### Assignment
From the line containing "British Lands) |" down to the last line of the listing, quote everything word for word, and nothing else, keeping pictures out.

[[ Given information open ]]

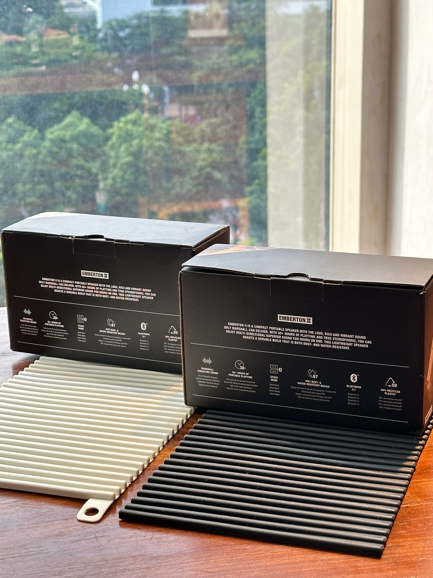 首先外观方面,继承了马歇尔经典的黑金色,还新增了奶油白,顶部和两侧均用硅胶包裹起来,支持 IP67级别的防尘防水,沾到一些水渍也不影响正常使用。
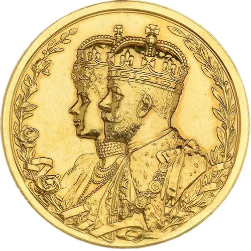 | Reverse lettering | (Translation: The Durbar of George V, Emperor of India, Master of the British Lands) |
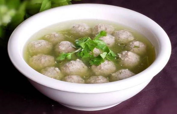 香莱也可此外铺在汤碗底端,将烧好的肉丸汤立即倒进汤碗,那样香莱不容易煮太过。
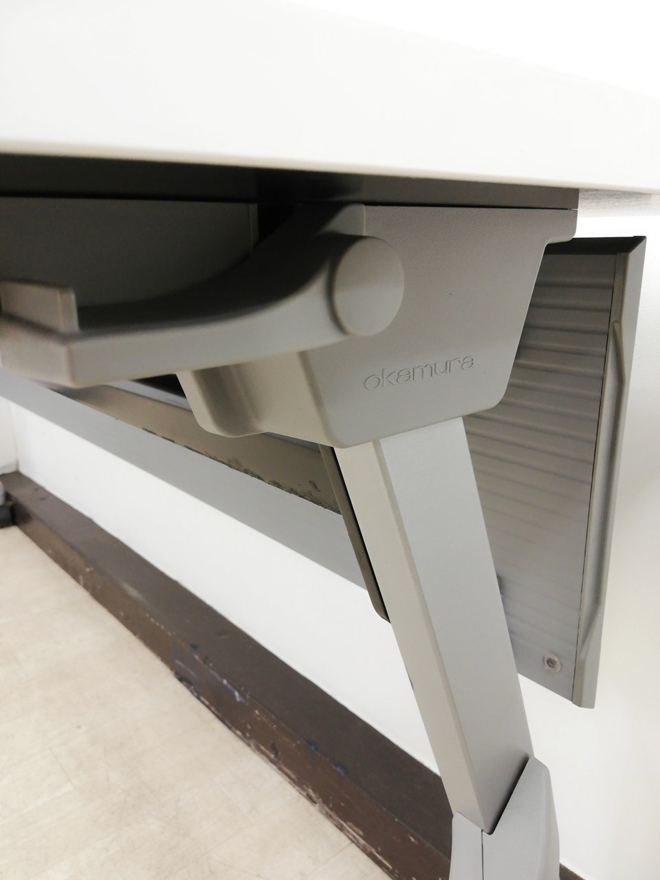 オカムラ|サイドスタックテーブル|ホワイト|シルバー|跳ね上げ【中古家具】【新大阪】【淀川区】【北区】【北摂】【関西倉庫在庫】

[[ Given information closed ]]

### Output of the exercise
 | Reverse lettering | (Translation: The Durbar of George V, Emperor of India, Master of the British Lands) |
 香莱也可此外铺在汤碗底端,将烧好的肉丸汤立即倒进汤碗,那样香莱不容易煮太过。
 オカムラ|サイドスタックテーブル|ホワイト|シルバー|跳ね上げ【中古家具】【新大阪】【淀川区】【北区】【北摂】【関西倉庫在庫】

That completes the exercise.